This is part 1 of a tutorial on passive fiber optics from Dr. Paschotta. The tutorial has the following parts:

1:  Guiding light in a glass fiber
2:  Fiber modes
3:  Single-mode fibers
4:  Multimode fibers
5:  Fiber ends
6:  Fiber joints
7:  Propagation losses
8:  Fiber couplers and splitters
9:  Polarization issues
10:  Chromatic dispersion of fibers
11:  Nonlinearities of fibers
12:  Ultrashort pulses and signals in fibers
13:  Accessories and tools

Part 1: Guiding Light in a Glass Fiber

The basic function of any optical fiber is to guide light, i.e., to act as a dielectric waveguide: light injected into one end should stay guided in the fiber. In other words, it must be prevented from getting lost e.g. by reaching the outer surface and escaping there. We explain this here for glass fibers, but the operation principle of plastic optical fibers is the same.

In principle, the simplest solution for guiding light would be a homogeneous glass rod. (If it is thin enough, it can also be bent to some degree.) The outer surface can reflect light via total internal reflection. Due to the large refractive index contrast, this works for a considerable range of input beam angles, and in principle there don't need to be any power losses.

homogeneous glass fiber with total internal reflection
Figure 1: Total internal reflection can be used to guide light in a homogeneous fiber. Note that only partial reflection occurs at the end faces, where the angle of incidence is smaller.

However, this simple solution has some crucial disadvantages:

  • Due to the high index contrast, even tiny scratches of the glass on the outer surface could lead to substantial optical losses by scattering. Therefore, the outer surface would have to be made with high optical quality and well protected against damage and dirt. This problem can be mitigated only to some extent with some suitable buffer coating around the fiber; such coatings, not being highly homogeneous, can hardly provide very low optical losses.
  • Even if the fiber were pretty thin (e.g., with a diameter of 0.1 mm), it would support a huge number of modes (see part 2), which is bad e.g. when preserving a high beam quality is important.

One can, however, modify the idea of a very clean coating: use another glass region, having a slightly smaller refractive index than the core glass, as a cladding:

glass fiber with a cladding
Figure 2: A multimode glass fiber with a cladding, made of glass with a slightly lower refractive index.

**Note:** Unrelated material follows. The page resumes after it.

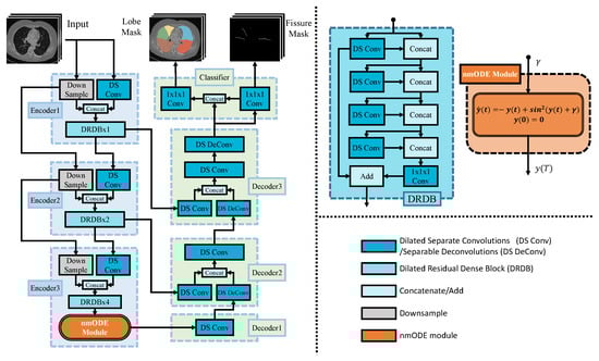 To address these issues, this study proposes a novel pulmonary lobe segmentation method using nmODE [], called nmPLS-Net. Firstly, this method benefits from the robust nonlinear expressive and memory capabilities of nmODE, and the constructed model can extract more complex and rich pulmonary features to support the precise segmentation of pulmonary lobes. Then, due to the significant challenges in identifying pulmonary fissures, nmPLS-Net leverages a fissure-enhanced associative learning approach, focusing on learning detailed features of pulmonary fissures. Finally, this study utilizes two datasets to evaluate the proposed method’s effectiveness. The experimental results demonstrate that the proposed method achieves competitive results compared to other state-of-the-art methods. The main contributions of this study can be summarized as follows:

Total internal reflection can occur at the glass/glass interface, but the incidence angles need to be larger.

That gives us several advantages:

  • Glass can be much more clean and homogeneous than a plastic buffer coating. That already reduces the losses.
  • Due to the reduced index contrast at the reflection points, small irregularities of the interface do not cause as serious optical losses as for a glass/air interface. Irregularities at the outer interface do not matter anymore, as the light cannot “see” them.
  • The guiding region – called the fiber core – can now be made much smaller than the total fiber, if this is wanted. One can adapt the core size e.g. to the size of some small light emitter.
  • With a combination of small core size and weak index contrast one can even obtain single-mode guidance (see below).

Note, however, that smaller index contrasts imply a smaller acceptance angle: total internal reflection can only occur if the incidence angle is above the critical angle. The maximum angle of incidence at the input face of the fiber is then determined by the numerical aperture (NA):

$${\rm{NA}} = n\;\sin {\theta _{{\rm{max}}}}$$

The NA is the sine of the maximum angle of incidence at the input face. In the equation, <$n_0$> is the refractive index of the medium around the fiber, which is close to 1 in the case of air.

Considering the Wave Nature of Light

The preceding considerations were based on a simple geometrical ray picture. Particularly in the domain of small cores and weak index contrasts, that simple picture does no more represent an accurate model for light propagation, as it ignores the wave nature of light. So let us now consider the wave nature.

First, we imagine at a Gaussian beam in a homogeneous medium (e.g., some glass). Even if such a beam has flat wavefronts initially, within one Rayleigh length it will start diverging significantly:

Gaussian beam
Figure 3: A Gaussian beam with 1.5 μm vacuum wavelength in a homogeneous glass. It initially propagates in a nearly parallel fashion, but eventually diverges.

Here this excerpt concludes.